Décimo: Armada solicita al rey (como ya he expresado al hablar de las numerosas entrevistas habidas entre ambos en los tres meses anteriores al 23-F) autorización para usar en su defensa lo tratado con él en la reunión secreta del 13 de febrero de 1981 en La Zarzuela, diez días antes del «intento involucionista». El rey se lo deniega. Esta prohibición del monarca habla por sí sola. ¿Qué temía Juan Carlos de las declaraciones que pudiera efectuar su antiguo subordinado en relación con el 23-F? Si no estaba relacionado con ese desgraciado evento, ni sabía nada del mismo, lógicamente ese asunto no se habría tratado en la famosa reunión de La Zarzuela y, obviamente, no podía constituir ningún peligro para la Corona el que saliera a la luz pública lo comentado en un encuentro privado e intrascendente.

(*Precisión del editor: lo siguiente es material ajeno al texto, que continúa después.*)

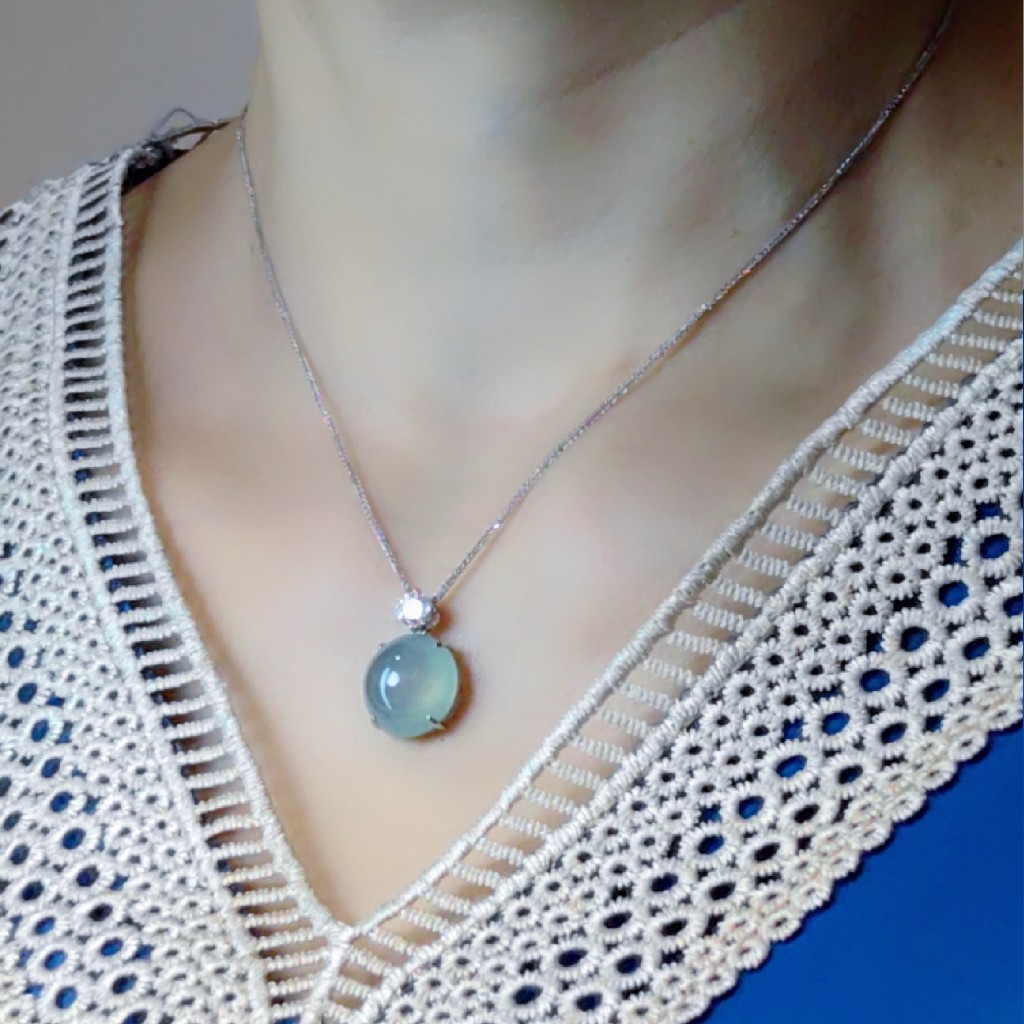 这件“湖光星辰”应常佩戴于锁骨下方,让体温唤醒翡翠“水头”,“玉得人养,色愈润泽”!

Y todavía resulta más sorprendente, en este tema de la negativa regia a que Armada diera publicidad a lo tratado con su señor el 13 de febrero, el hecho de que el general le obedeciera y se callara como un muerto ante el tribunal que lo juzgó, arriesgándose así a una fortísima pena. Si efectivamente Armada había traicionado al rey y había sido un desleal al organizar un golpe de Estado a espaldas del monarca (como ha reconocido la doctrina oficial todos estos años, y el propio Juan Carlos no se ha cortado un pelo en propalar), ¿qué razones tenía para obedecerlo después, cuando ya había sido desenmascarado por su señor y se exponía a una larguísima condena de treinta años de cárcel? ¿Por qué renunciar a defenderse con lo que él presuponía (en caso contrario, no se lo hubiera pedido al rey) podía ayudarle a rebajar o incluso anular tan grave pena?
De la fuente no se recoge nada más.